Чет-нечет
Шрифт:
– А! – в исступленном крике разинула Федька рот, руками загребала она воздух, извиваясь телом, одолевала доли пространства, и сокрушающий члены, нечеловеческий рев вознесся за ее спиной.
Лестница сотрясалась, черт, перескакивая ступеньки, стремился наперехват, и Федьку спасло лишь то случайное обстоятельство, что на руках у черта оставался сосуд с водкой – не успел бросить, не сообразил или духу не хватило расстаться – только влетел он на рундук в обнимку с сулеей. Вскочив в сени, Федька толкнула дверь, черт, простирая руки, сунул вперед сулею – ударило пальцы, сосуд выскользнул, в один и тот же миг захлопнулась дверь, раздался звон, мат, вой, взвизгнул засов – Федька заперлась.
– Буду стрелять! – вскричала она, отступая.
Черт однако не внял предупреждению, с грязным матом, вне себя от злобы, он колотился головой, имея жестокий умысел что-нибудь разбить – не то, так это.

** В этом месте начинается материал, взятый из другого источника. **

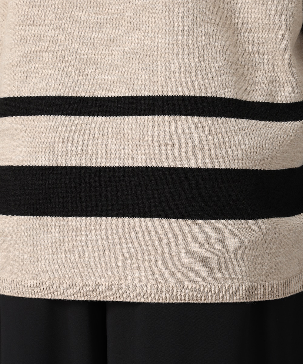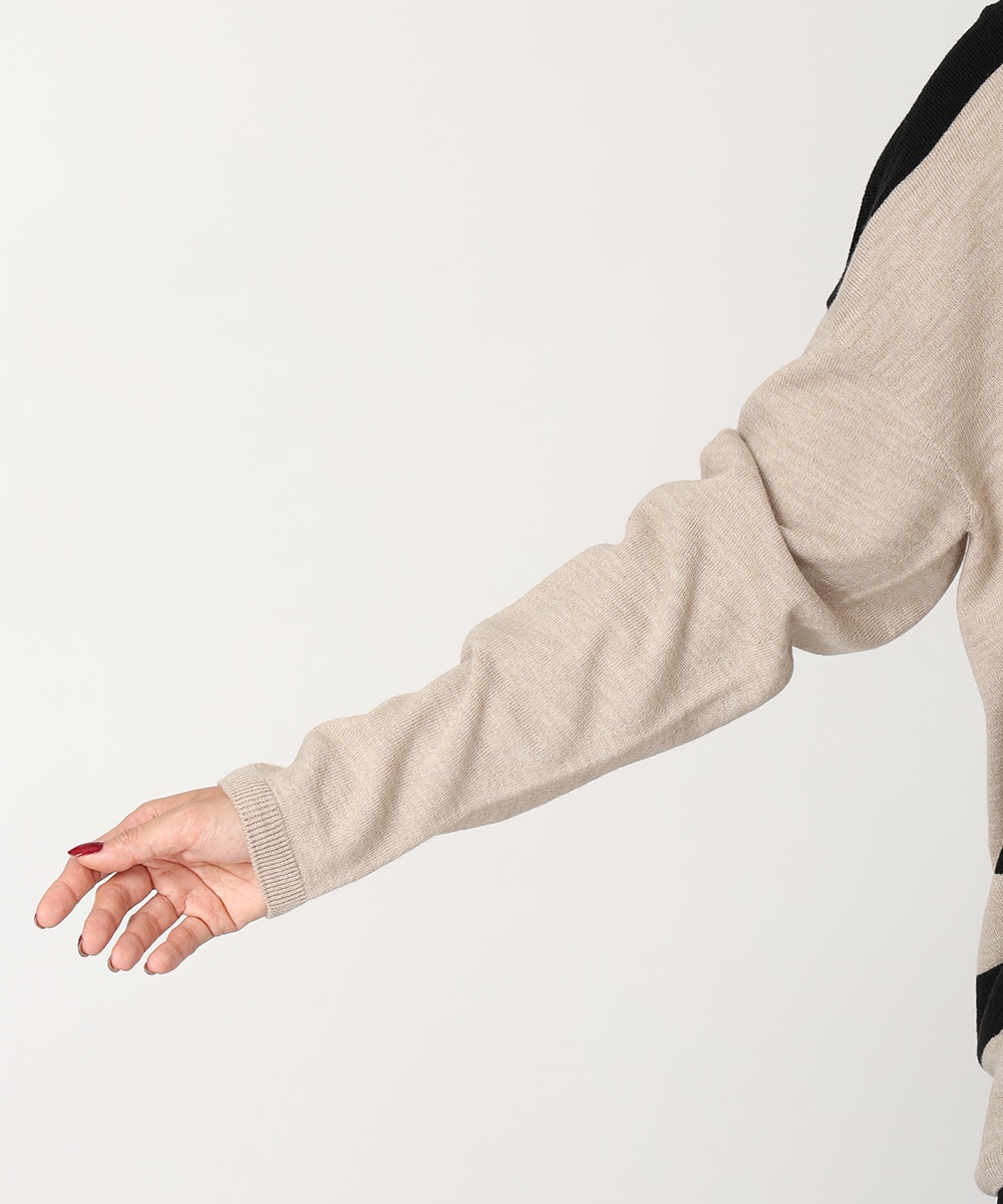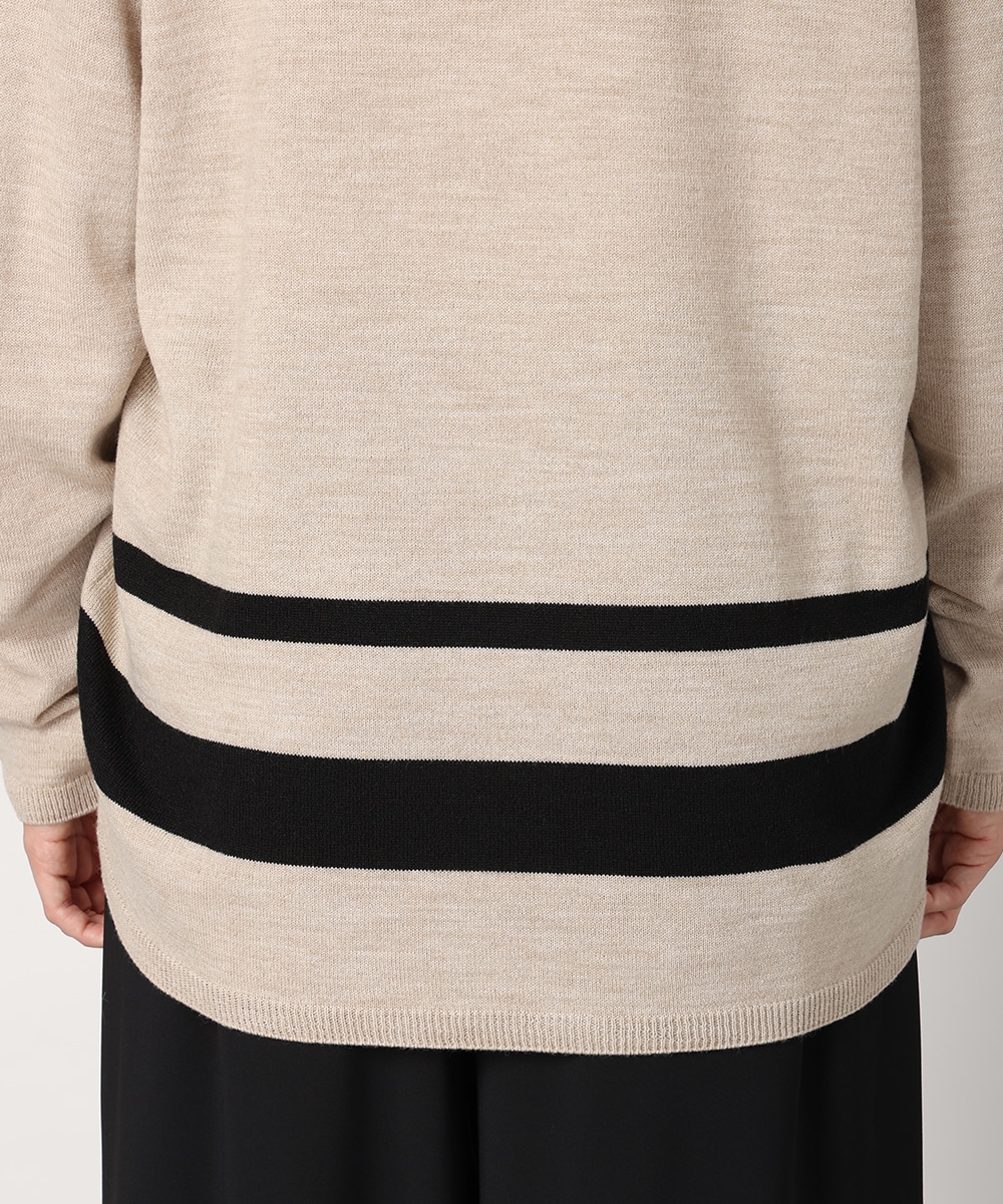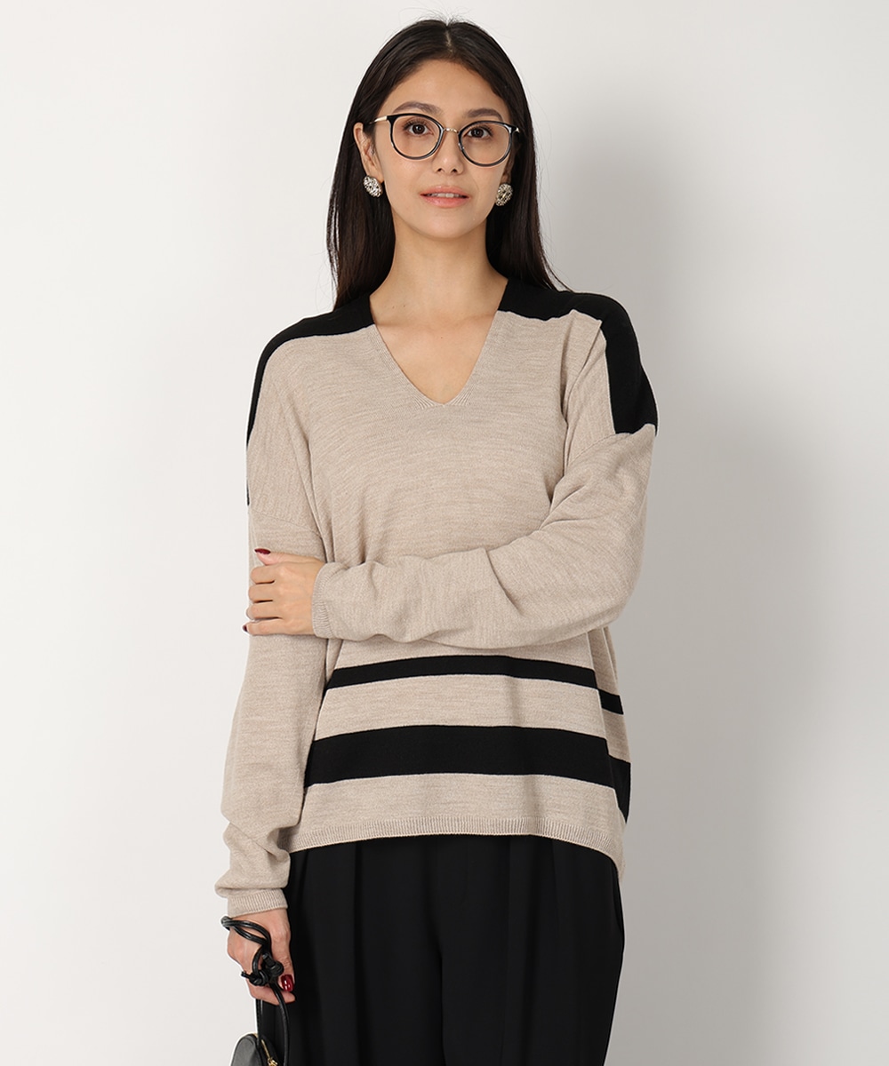 大人っぽく着こなせる落ち着いたバイカラーのパネルボーダーで仕上げました。首元からデコルテラインを美しく魅せる絶妙なVネックがポイント。縫い目のないホールガーメント製法は美しいシルエットを生み出し、さらりとした着心地を提供。リラックス感のあるパンツと合わせるだけでも、こなれた雰囲気をプラスします。

Федька наставила пистолет ниже засова, трещали под ударами доски, руки плохо слушались, и палец не сгибался, когда она нажимала на спуск – выстрел ослепил. Пуля просадила дыру, и там, на крыльце, оборвался вой.
Через несколько мгновений Федька расслышала слабенький скулеж. Потом что-то покатилось, шмякнулось, как если бы сорвалась с высоты собака. И снова ошеломительная тишина.
В сенях расходился дым, воняло пороховой гарью, стоял мерзкий запах разлитой сивухи.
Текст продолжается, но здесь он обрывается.